The lines below starting at the line containing "Veľkou výhodou bytu" and ending at the line containing "1. Приготовим тесто" are to be repeated exactly, with both ends kept and nothing else added.

• [STUDY MATERIAL]

Start of Block

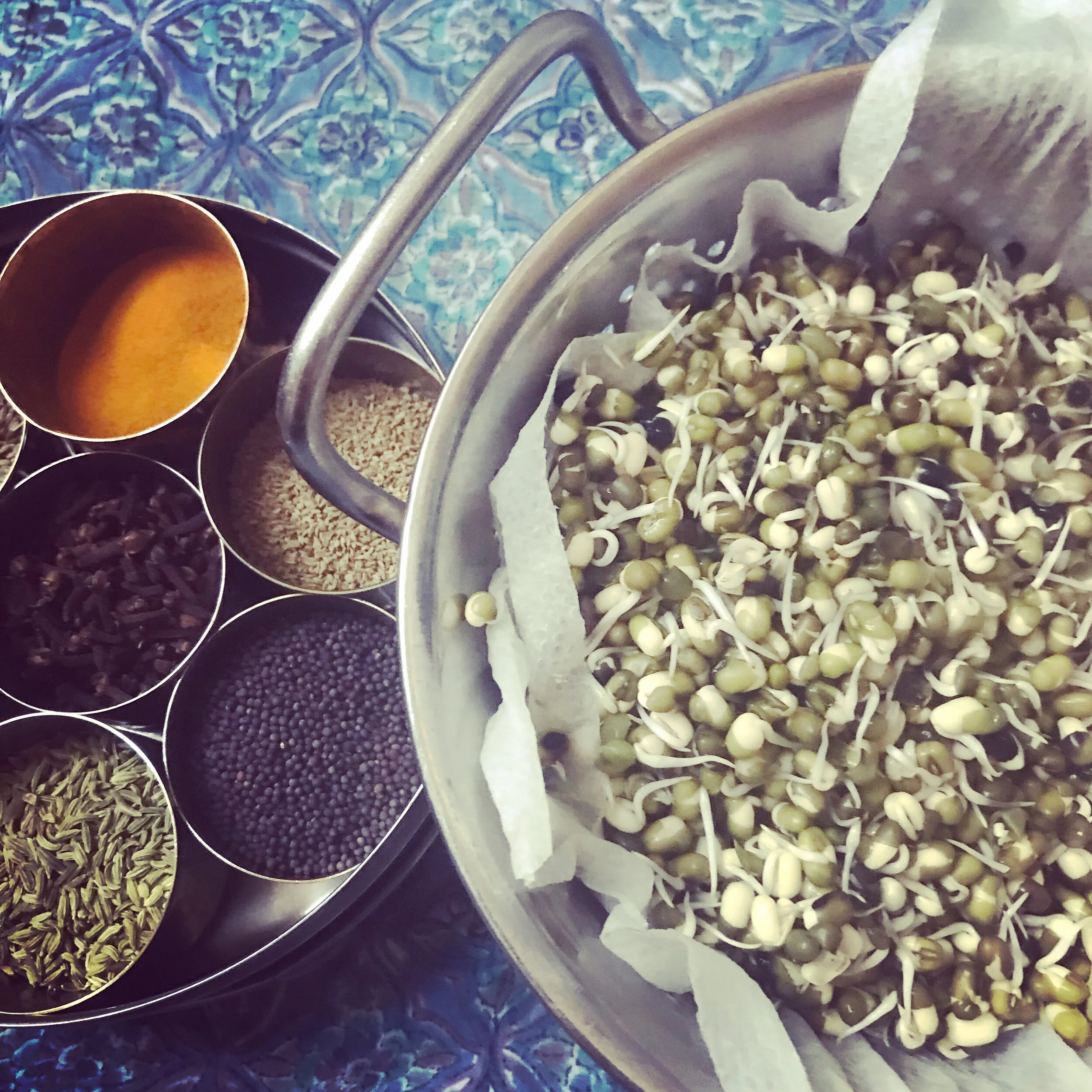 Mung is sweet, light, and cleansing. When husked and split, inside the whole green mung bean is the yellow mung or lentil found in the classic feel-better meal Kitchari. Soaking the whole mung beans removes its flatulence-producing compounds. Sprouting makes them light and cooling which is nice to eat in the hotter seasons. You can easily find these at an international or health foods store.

End of Block
Start of Block

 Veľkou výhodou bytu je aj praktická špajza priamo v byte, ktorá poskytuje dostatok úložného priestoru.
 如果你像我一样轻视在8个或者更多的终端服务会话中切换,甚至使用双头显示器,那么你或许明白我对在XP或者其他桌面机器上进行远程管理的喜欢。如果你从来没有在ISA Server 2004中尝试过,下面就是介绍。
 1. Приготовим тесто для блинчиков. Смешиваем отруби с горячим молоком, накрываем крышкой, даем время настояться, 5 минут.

End of Block

• [EXPECTED ANSWER]
 Veľkou výhodou bytu je aj praktická špajza priamo v byte, ktorá poskytuje dostatok úložného priestoru.
 如果你像我一样轻视在8个或者更多的终端服务会话中切换,甚至使用双头显示器,那么你或许明白我对在XP或者其他桌面机器上进行远程管理的喜欢。如果你从来没有在ISA Server 2004中尝试过,下面就是介绍。
 1. Приготовим тесто для блинчиков. Смешиваем отруби с горячим молоком, накрываем крышкой, даем время настояться, 5 минут.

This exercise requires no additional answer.